A construction of minimal coherent filling pairs

TL;DR

This paper presents a geometric method to construct minimal intersecting coherent filling pairs on genus g surfaces, starting from pairs on a torus, and explores their connection to square-tiled surfaces.

Contribution

It introduces a simple geometric procedure for constructing minimal coherent filling pairs on higher genus surfaces from torus pairs, linking to origami structures.

Findings

Constructed minimal intersecting coherent filling pairs for g ≥ 3

Established a correspondence between these pairs and square-tiled surfaces

Discussed origami surfaces derived from the construction

Abstract

Let $S_g$ denote the genus $g$ closed orientable surface.
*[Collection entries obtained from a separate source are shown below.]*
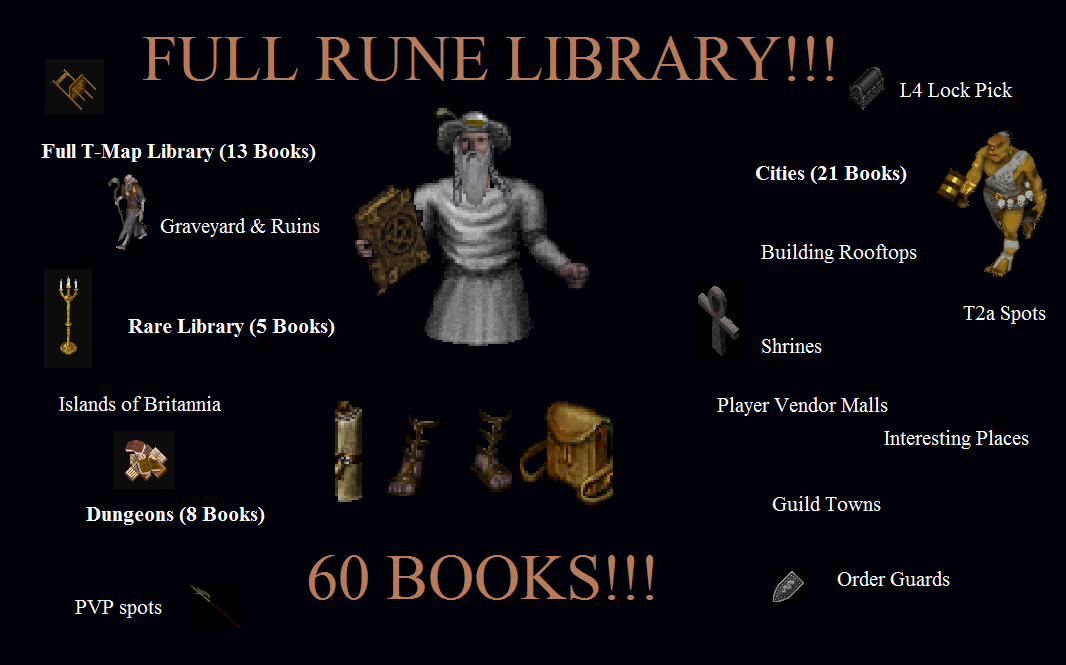 Today I start the bid for a real FULL RUNE LIBRARY. This library contains a total of 60 BOOKS! This is a high quality library and the LARGEST one I have seen. I have been selling full runebooks for around 6 months and have made a name for myself. Many of you have already purchased other runebooks from me and have been very pleased with the results. I always assure the highest quality in my product! So, please know this is not some cheap rune library. It contains practically everything you would want. This is a great way to promote your shop (since it is the largest), set up for your guild to use, or just store in your home for personal use. Either way, I am sure you will be very pleased with what you get. Details are below: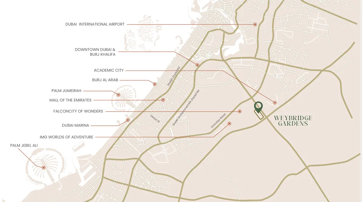 Discover a world of contemporary living at Weybridge Gardens, a prestigious residential complex by Leos Developments with studios and 1 bedroom apartments in the heart of Dubailand. With its timeless architecture and vibrant ambiance, it is set to redefine modern urban living. Nestled in the thriving hub of Dubailand, this exquisite development offers an unparalleled lifestyle experience.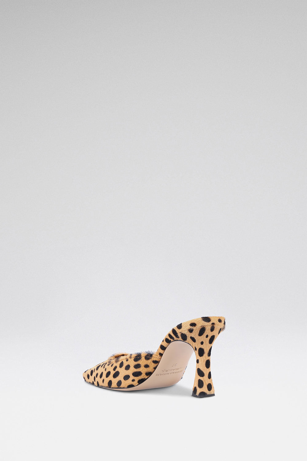 With leopard print and a luxurious feel, the Dahlia cheetah mule speaks to both the bold and the beautiful. The epitome of exotic charm, this mule is designed for the woman who leaves a mark, the embodiment of confidence in every stride.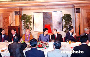 今天的晚宴由香港特区政府和中央驻港联络办共设。出席者还有中联办副主任黎桂康和国家宗教局局长叶小文等人。完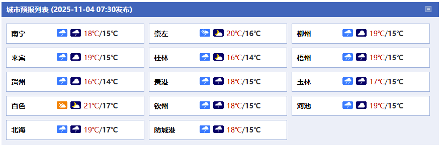 昨天到今日清晨,廣西大部被陰沉天色籠罩,涼意十足。據(jù)氣象數(shù)據(jù)顯示,4日08時(shí)前24小時(shí),全區(qū)普降小到中雨,局地出現(xiàn)大雨天氣。在雨水打壓下,氣溫繼續(xù)下降。今早08時(shí),廣西各地氣溫均跌至 “1 字開頭”,其中南丹寒冷感尤為明顯,氣溫低至11.2℃。

A \emph{coherent filling pair} of simple closed curves, $(\alpha,\beta)$ in $S_g$, is a filling pair that has its geometric intersection number equal to the absolute value of its algebraic intersection number. A \emph{minimally intersecting} filling pair, $(\alpha,\beta)$ in $S_g$, is one whose intersection number is the minimal among all filling pairs of $S_g$. In this paper, we give a simple geometric procedure for constructing minimal intersecting coherent filling pairs on $S_g, \ g \geq 3,$ from the starting point of a coherent filling pair of curves on a torus. Coherent filling pairs have a natural correspondence to square-tiled surfaces, or {\em origamis}, and we discuss the origami obtained from the construction.